3.6 Comparison of nutrient intake with EAR between ASD and TD groups
The average daily intake of carbohydrates, vitamin B1, vitamin B2, vitamin C, vitamin D, vitamin B12, and calcium per person in the ASD group was lower than that of the TD group. The proportion of boys in the ASD group whose protein intake reached EAR was higher than that of the TD group, while the proportion of girls in the ASD group whose protein intake reached EAR was lower than that of the TD group. The proportion of boys in the ASD group who reached the EAR for vitamin A intake was lower than that of the TD group, and the proportion of girls in the ASD group who reached the EAR for vitamin A intake was also lower than that of the TD group. The proportion of the ASD group with phosphorus intake reaching EAR was higher than that of the TD group. The proportion of zinc intake reaching EAR in the ASD group was roughly equal to that of the TD group (Supplementary Table S2).
3.7 Correlation between C-DII and neurodevelopmental domains in ASDs
The correlation between C-DII and various neurodevelopmental attribute scores was explored through multiple linear regression (Table 6). After adjusting for age, sex, feeding patterns, gestational week at delivery, history of birth asphyxia, and BAZ, we did not find a significant correlation between C-DII and the scores in the five domains of the Children’s Neuropsychological Development Scales, as well as the ADOS scores.
3.8 Correlation between C-DII and ASD
A generalized linear model, specifically a binary logistic regression model, was used to explore the correlation between C-DII and neurodevelopment (Table 7).
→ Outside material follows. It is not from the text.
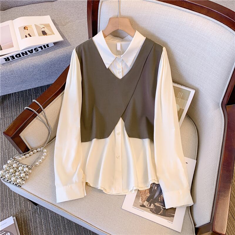 大きいサイズの婦人服 2023 春の新しいファット シスター ファッション シックなデザイン センス フェイク ツーピース オールマッチ長袖シャツ ロング 大きめサイズ スプリング 春物 8884178679287157

After adjusting for age, sex, feeding patterns, picky eating, premature birth, history of birth asphyxia, and BAZ, the C-DII may be correlated with ASD [odds ratio (OR) = 1.842, 95% confidence interval (CI) = 1.114 ~ 3.046, p = 0.017].
4 Discussion
NDDs represent a group of chronic developmental brain function disorders with a high prevalence, typically emerging during early developmental stages, often in childhood (29). The symptoms and functional impairments associated with NDDs may persist into adolescence and adulthood, underscoring the necessity for a life-cycle approach to diagnosis and management (30). NDDs exhibit a higher prevalence in boys, with a male-to-female ratio of approximately 4:1 among individuals with ASDs in this study, aligning with findings from another study (31). We found significant differences in the blood inflammation index between children with neurodevelopmental disorders and their typically developing peers across a sample of 1,000. Considering the importance of the inflammation index for cognitive development (10–15), we designed a matched case–control cross-sectional comparison with a 1:1 ratio. By analyzing whether there were differences in C-DII between children with ASDs and TD children, as well as the correlation between C-DII and blood inflammation index, we aimed to explore the relationship between nutritional intake, dietary inflammatory potential, and neurodevelopmental status in children with ASD, and to provide novel insights and methodologies for the identification of early intervention strategies.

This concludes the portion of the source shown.